About five years ago, the world’s largest chipmaker was trying to conduct an employee survey with a sample size of about five or six per cent of its overall staff. The HR group worked with an outside supplier to issue the Web-based survey to employees through an e-mail. Then all hell broke loose.
“Within minutes of people getting that, we had admin assistants contacting us who said, ‘We think this is a targeted attack, don’t click on the link, delete it,’” said Harkins, who is Intel’s chief information security officer (CISO) and general manager, Enterprise Capabilities. The tech support team was flooded with calls, and Harkins soon received an extremely angry phone call from an HR executive who assured him the survey was legitimate and wondered why the URL was being blocked at the firewall. Harkins and his team soon resolved the situation, but it was a revealing incident.
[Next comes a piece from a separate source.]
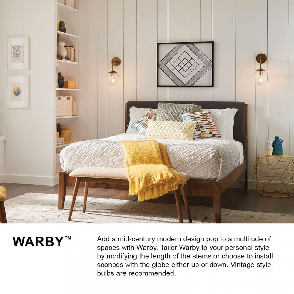Add a mid-century modern design pop to a multitude of spaces with Warby. Tailor Warby to your personal style by modifying the length of the stems or choose to install sconces with the globe either up or down. Vintage style bulbs are recommended.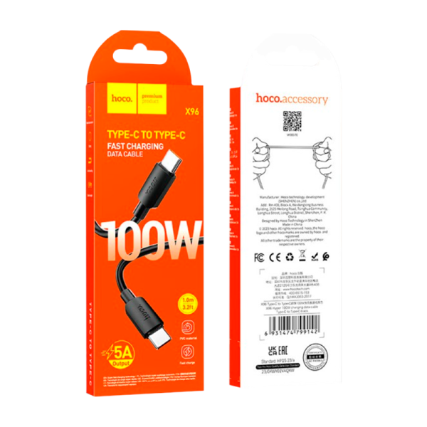 Кабель HOCO X96 Type-C (m)-Type-C (m) 1м 3.0A 100W ПВХ черный.

“I was so elated that for the first time I had statistical proof that the money I had spent on making people aware allowed people to act as a part of our technical perimeter,” he said. “They saw it, and they acted as if it was an antibody. It was a foreign object, and they were going to protect the company.”
Harkins recently spoke to CIO Canada by telephone to discuss Intel’s strategy and emerging IT security trends.
CIO Canada: What’s keeping you up at night?
Malcolm Harkins: The biggest vulnerability we face today and the future is not the thing that the technical security person would think of, like a botnet or technical flaw, but the misperception of risk. That’s because of a couple of different factors. Some of it is economic, but if you think of the psychological components to it, the greater somebody perceives a benefit from something, the greater their tolerance of risk. With the ease of use of certain things – whether it be an end-user, a consumer, or whatever, they may not fully appreciate what they’re doing. They may share information and post it online because they don’t feel any impact to it or they don’t perceive there are any issues with it. Or they get an e-mail, which they think looks kind of cool, and they click on the link. If you go back even a few years ago, a user would feel the pain of it. Your system would crash, the network might get saturated with it. Today, those threat vectors are so subtle, you don’t know that something’s gotten installed on your computer. Because the incentive for the intruder is to not make you aware of it. Because they don’t feel the pain, they only perceive the benefit.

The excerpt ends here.